また外務省認可の財団法人「異文化コミュニケーション財団」の理事長を務め、その評議員には中山議員が名を連ねている。「国際的な異文化間のコミュニケーションスキルの向上」を目的として掲げ、英語など世界の主要言語の検定事業を行っているという。この組織の前身は第一次大戦中に「太平洋圏の平和と文明に貢献すること」を目的として設立された「南洋協会」で、近衛文麿元首相らが歴代会頭を務めた。
規模の拡大で固めた語学学校経営を足場に、そこから脱皮して事業を広げたいという焦りが、政治家との親しいかかわりとNOVA商法の躓きを生んだというべきなのか。
特定商取引法に違反したとして長期コースの新規契約など一部業務の停止を命じるNOVAへの処分を、実質的に支えたのは、実は独立行政法人の国民生活センターである。
全国の消費生活センターなどへ寄せられた消費者からの苦情相談情報を蓄積して当事者間の紛争解決へ導くとともに、所管省庁などに情報を提供することで行政処分や刑事処分につなげる役割を果たしてきたが、自前の行政権限を持たないことに加えて、縦割り行政の壁に阻まれて消費者保護に結びつかないケースもこれまで少なくなかった。
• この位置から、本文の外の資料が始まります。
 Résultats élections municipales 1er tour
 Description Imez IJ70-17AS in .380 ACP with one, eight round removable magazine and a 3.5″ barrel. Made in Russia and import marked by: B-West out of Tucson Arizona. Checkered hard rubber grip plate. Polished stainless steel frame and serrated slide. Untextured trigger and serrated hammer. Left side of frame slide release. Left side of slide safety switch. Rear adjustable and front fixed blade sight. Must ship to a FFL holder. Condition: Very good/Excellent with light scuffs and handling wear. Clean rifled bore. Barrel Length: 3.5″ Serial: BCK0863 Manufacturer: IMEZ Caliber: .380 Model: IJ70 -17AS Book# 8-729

NOVAの場合も国民生活センターが全国から集めた苦情相談情報を所管の経済産業省に通報して対処を求めてきた。しかし、同省が公表した「NOVA商法に合理性あり」とする文書が壁となって現場の紛争処理が阻まれる事態が広がっていた。
同センターがこの6月に実施した全国の消費生活センターへの緊急アンケートによると、「NOVAとの交渉で苦情処理解決が困難になった原因」としては「NOVAが自社ルールを一方的に主張したこと」を挙げたところが129件と最も多く、「経産省が了承済みとNOVA側が主張したこと」が66件でこれに次いだ。「政治圧力」に弱腰な所管省庁の利害が消費者の苦情処理と解決を妨げたといえる。
規制緩和が進んだことにより、サービス産業の分野を中心に多様な企業がさまざまな分野に参入することができるようになった。サービスの質を保ち、消費者をリスクから守るために、広がった間口へ事前の規制の網を広げることは難しい。
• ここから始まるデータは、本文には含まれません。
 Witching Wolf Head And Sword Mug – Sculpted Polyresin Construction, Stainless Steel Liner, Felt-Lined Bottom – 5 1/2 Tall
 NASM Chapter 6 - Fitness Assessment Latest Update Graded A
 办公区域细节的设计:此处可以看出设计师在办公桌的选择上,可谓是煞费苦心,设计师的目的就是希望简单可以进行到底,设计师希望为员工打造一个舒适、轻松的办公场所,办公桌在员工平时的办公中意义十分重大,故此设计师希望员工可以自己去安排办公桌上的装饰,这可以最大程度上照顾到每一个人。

その代わりに悪質で違法性の強い商法やリスクの高い事業に対する事後のチェックを徹底し、ペナルティーや市場からの退出を促す仕組みが求められるようになった。
誇大広告や虚偽の説明の規制対象を全業種に広げる特定商取引法の改正、支払い能力を超えた契約を禁止するために信販会社の事前登録を義務づける割賦販売法の改正、製品事故を防止するためにメーカーなどに安全点検や重大事故の報告を義務づけた消費生活用製品安全法の改正など、事後救済による消費者保護を目指す法改正が相次いでいる。
政治の圧力で一時はNOVAへの処分を見送ろうとした経産省が、結局一部業務の半年間の停止という厳しい行政処分に転じた背景にも、消費者行政をめぐるこうした流れの変化がある。
長期コースの新規契約を禁じられたNOVAは主要な収益源を失ったうえ、受講者に厚生労働省から給付される補助金が絶たれるなどして厳しい経営局面を迎える。旅行業のHISなどが協力を検討したが見送った。今秋にかけて700人の講師を新規に採用して受講者の要求にこたえる改善策を発表したが、再建の見通しは立っていない。